No cosmetic flaws on the body could be found. The instrument feels very balanced and the neck profile is perfect. The fanned frets were really easy to get used to as well. The natural finish is darker than I expected, but in a good way. The instrument is very acoustically alive and plays fantastic. 






The bad:

The nut on the bass side is a little rough and the wood around it was cut funny:





Also, though I don't have a pic of it, both pickups are literally detached from their base plates. They function, but are loose and I have to be careful when I'm playing it. 
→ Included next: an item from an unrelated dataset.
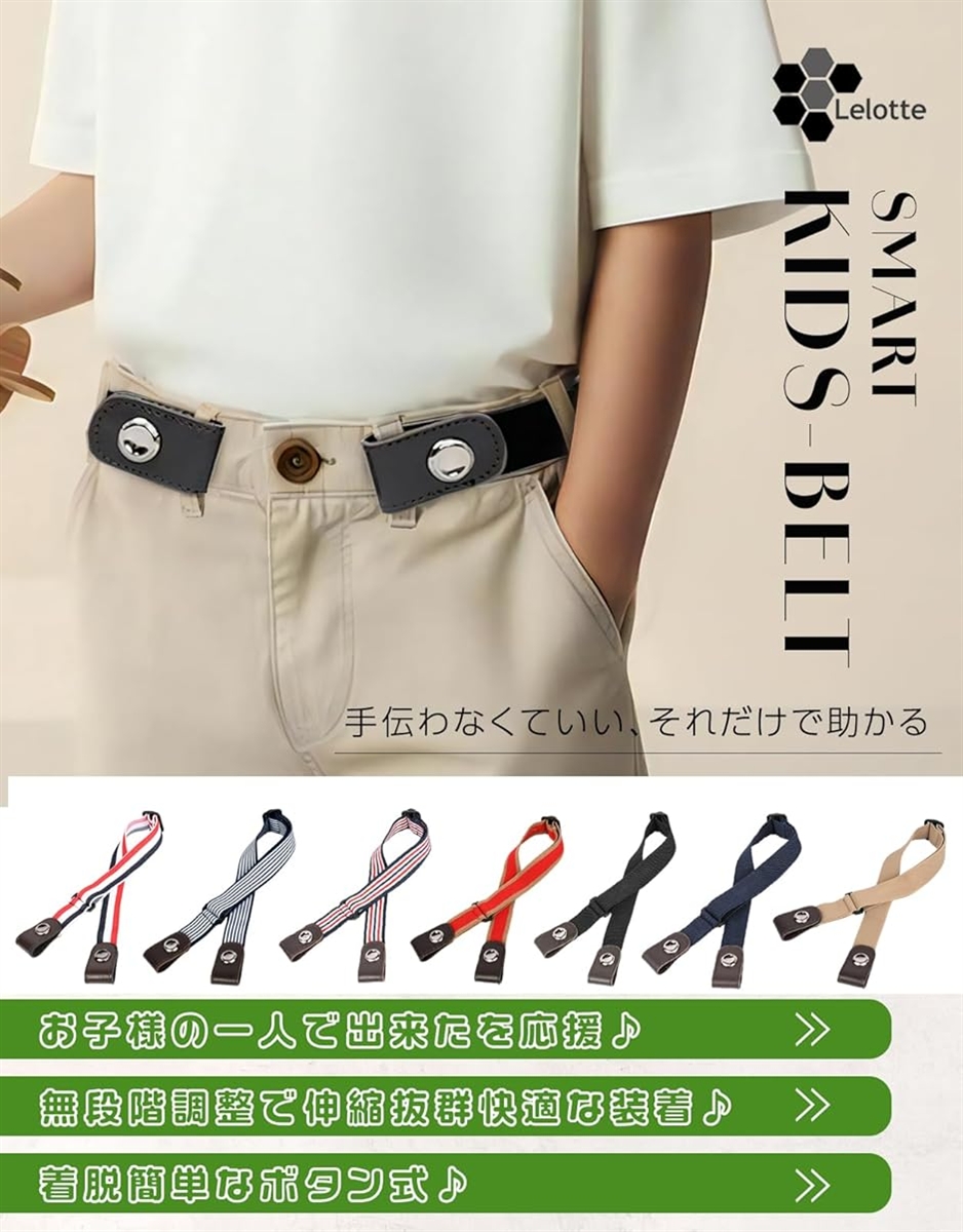 | 商品名 | キッズベルト 子供 ゴム ベルト トイレ簡単・着脱ラク バックルなし 無段階調整 ボタン式 子供用ベルト 入園 入学 幼稚園 小学生 |

I will let Kurt know about these issues of course, but I plan on keeping it. The pickup issue can be temporarily fixed once I restring the bass and permanently once I swap them out (the pickups were not horrible sounding, but not great sounding). I can also get another nut cut for me (or even do it myself, if I'm brave enough).


----------



## Fretless (Nov 29, 2014)

Glad to see someone picked one of these up! They look epic!


----------



## TheEmptyCell (Nov 29, 2014)

What's the center to center string spacing at the bridge? Also, what's the weight?


----------



## techjsteele (Nov 29, 2014)

Fretless said:


> Glad to see someone picked one of these up! They look epic!



They do! For the price, it was worth the risk. As I almost always mod my instruments in some way (mostly pickup upgrades), the issues I listed above are not such a big deal.


----------



## techjsteele (Nov 29, 2014)

TheEmptyCell said:


> What's the center to center string spacing at the bridge?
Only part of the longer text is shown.